# Miracle Grow Soil Causing Algae?



## Teebo (Jul 15, 2015)

I am just getting started with my first tank, and it is outdoors with native plants so in other words simple, cheap, and temporary so I used garden soil I had around; Miracle Grow (same bag only mine says it feeds up to 6 months not 3)










The soil is in clay/ceramic pots topped with tank gravel, I have green algae that grows each day and I have to do a 50% water change daily (I am not dosing). The tank is mostly in the shade with some direct evening sun on my porch, I do not have a nitrate test but all I can think of is the soil is releasing fertilizer in large amounts being submerged? The bags analysis states:
*Total nitrogen ........... 0.21%
0.113% ammoniacal nitrogen
0.097% nitrate nitrogen
Available phosphate ... 0.11%
Soluble potash .......... 0.16%* 


I bought Miracle Grow 'Organic Choice' for my indoor tank to use under gravel trying to save the $ of ADA Aquasoil but even this says it feeds for up to 2 months 










This bags analysis states:
*Total nitrogen ........... 0.10%
0.002% ammoniacal nitrogen
0.001% nitrate nitrogen
0.097% water insoluble nitrogen (pasteurized poultry litter)
Available phosphate ... 0.05%
Soluble potash .......... 0.05%*


Based on the analysis the Organic seems like a MUCH better choice, having less than half the total nitrogen and 97% of the nitrogen is water insoluble. Then the phosphate and potash are also low and equal making it easier to balance my tank, yes? A bag of this is less than $10 from Walmart and ADA Aquasoil is $55 shipped to my door this will be my first indoor tank. 

Thank You


----------



## roadmaster (Nov 5, 2009)

Miracle grow organic choice is fine to use,many use it.


----------



## FatherLandDescendant (Jul 24, 2014)

Don't know what to tell you about that outdoor tank, have any pics? 

As for your plans for an indoor tank; I had a 3 cubic yard bag of the organic choice (your second pic) that I got from a friend. With it I did a 10gal, 29gal and a 40gal tank, AND still had some left over that I gave to a friend to refresh his patio garden 5gal buckets, I think he said he did two of his 5. 

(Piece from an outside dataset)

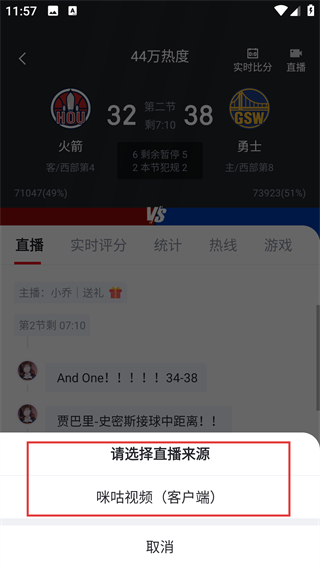 4、点直播按钮后会弹出直播来源选择框,选【咪咕视频(客户端)】就能跳转观看赛事直播啦。

In all three tanks I used Safe-T-Sorb oil absorbent as the cap, all but one of the tanks have turned out quite nice. The one that didn't (10gal) had to shallow of a cap, and the lighting is to strong, but there's nothing I can do about it ATM.


----------



## evan.m (Feb 28, 2011)

It's probably the sun causing the algae

Sent from my SM-G900V using Tapatalk


----------



## Teebo (Jul 15, 2015)

Thanks all



FatherLandDescendant said:


> Don't know what to tell you about that outdoor tank, have any pics?
> 
> As for your plans for an indoor tank; I had a 3 cubic yard bag of the organic choice (your second pic) that I got from a friend. With it I did a 10gal, 29gal and a 40gal tank, AND still had some left over that I gave to a friend to refresh his patio garden 5gal buckets, I think he said he did two of his 5.
> 
> In all three tanks I used Safe-T-Sorb oil absorbent as the cap, all but one of the tanks have turned out quite nice. The one that didn't (10gal) had to shallow of a cap, and the lighting is to strong, but there's nothing I can do about it ATM.












I do realize the sun causes it but tap water in the sun does not bloom algae within 1 day.


----------



## mattinmd (Aug 16, 2014)

Teebo said:


> I do realize the sun causes it but tap water in the sun does not bloom algae within 1 day.



True, but most tap water also won't grow plants, algae or otherwise...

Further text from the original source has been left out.